- Opening Delimiter -

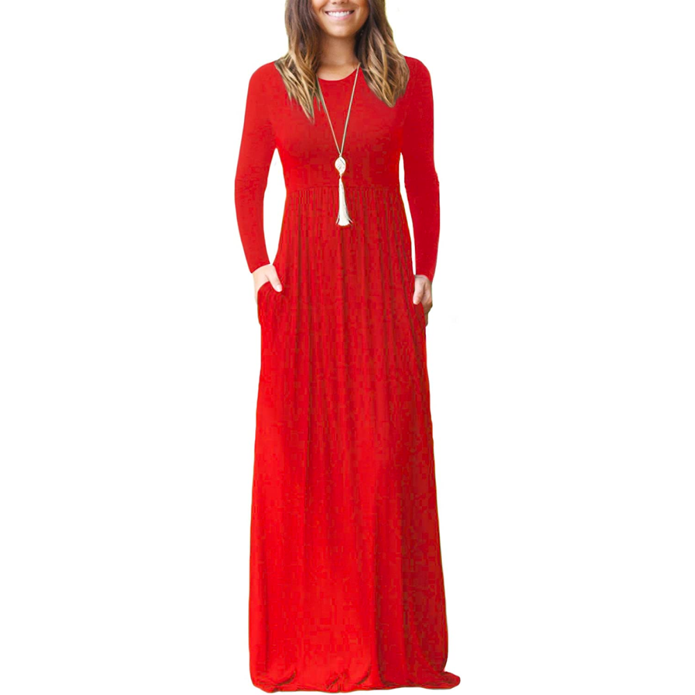 Introducing DEARCASE Women's Long Sleeve Maxi Dress, the perfect choice for your sophisticated look. This floor-length maxi dress is designed with long sleeves that make it perfect for any season. It has a high waistline, accentuating your curves and making you stand out in a crowd. Its stretchy material makes it comfortable to wear all day long, while its double side pockets store your small daily necessities right where you need them. You'll be looking like an absolute goddess no matter what season you're in! Add this timeless piece to your wardrobe and elevate your style with elegance and sophistication. "Dress smart, stay stylish" - the motto of every fashionista!
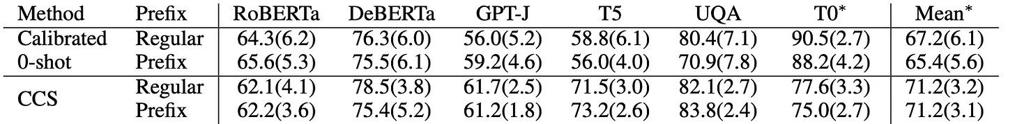 There’s a whole section (3.2.2) about how CCS is robust to misleading prompts, which it is, but zero-shot is already robust to this in all but one model (UQA). You can either interpret this as “CCS dodges a rare bullet” or “we don’t know if CCS is robust or not because the robustness probes didn’t even break 5⁄6 models.”
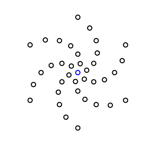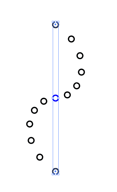 The one in the center is blue a s a useful visual marker. After that, select the circles immediately to the left and right of the circle and rotate 15 degrees:
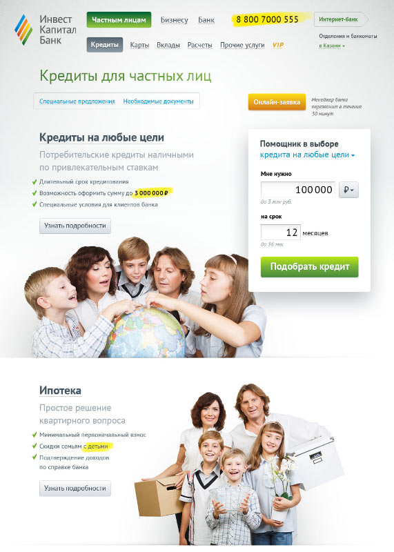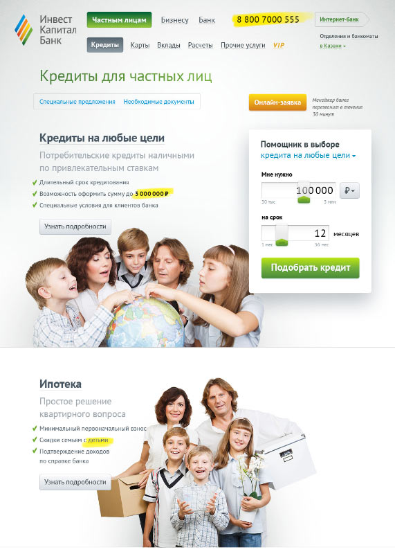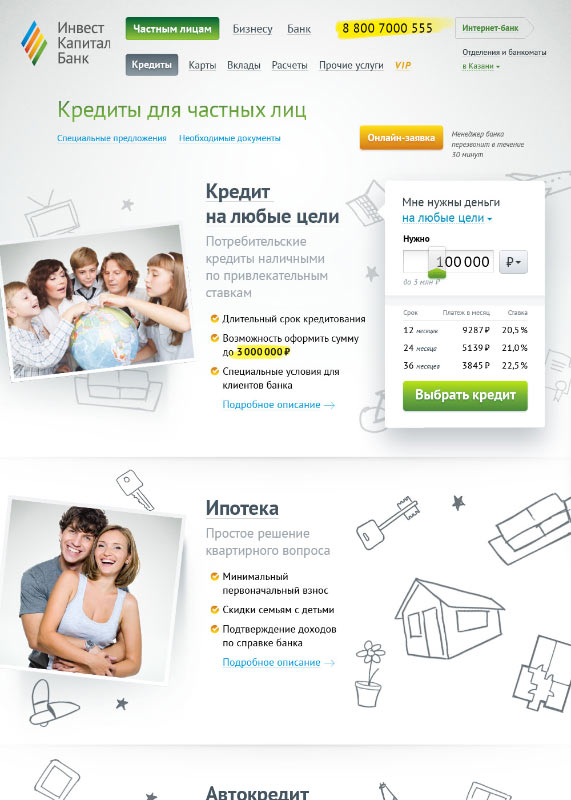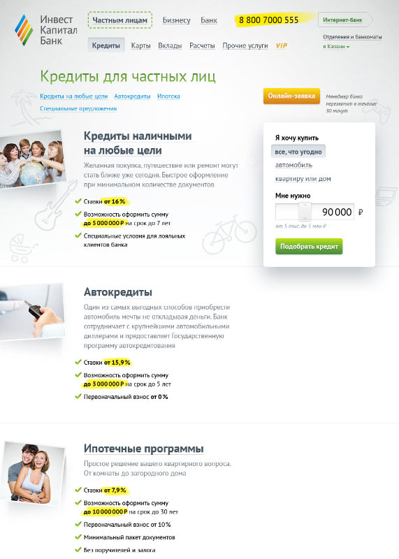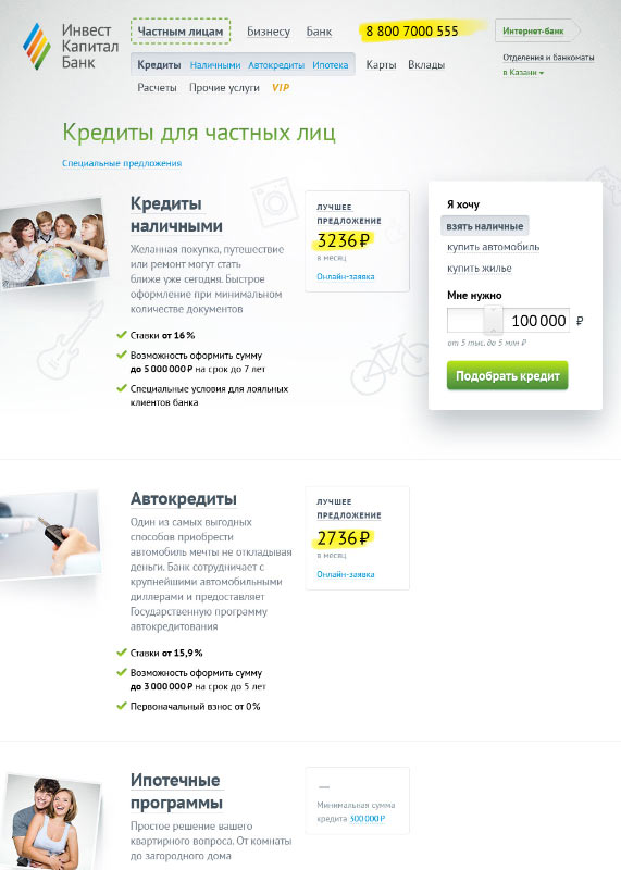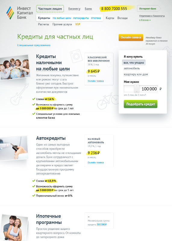 Diving into the exciting world of private lending. Payments, terms, rates, downpayments, repayment schedules, equal monthly installments, guarantees, collaterals, document lists, maternity subsidies, mortgage options, car loans. The bank offers two dozen programs of private lending which are divided into cash loans, car loans and mortgage programs. Calculations are different for each group. At the same time, it is assumed that all groups will be represented on the website as clearly as possible, preferably all at once and on the same page.

- Closing Delimiter -

Restate word for word the lines starting at the one that contains "The one in the" and ending at the last line of the data. Skip every picture.

RESPONSE BELOW>
 The one in the center is blue a s a useful visual marker. After that, select the circles immediately to the left and right of the circle and rotate 15 degrees:
 Diving into the exciting world of private lending. Payments, terms, rates, downpayments, repayment schedules, equal monthly installments, guarantees, collaterals, document lists, maternity subsidies, mortgage options, car loans. The bank offers two dozen programs of private lending which are divided into cash loans, car loans and mortgage programs. Calculations are different for each group. At the same time, it is assumed that all groups will be represented on the website as clearly as possible, preferably all at once and on the same page.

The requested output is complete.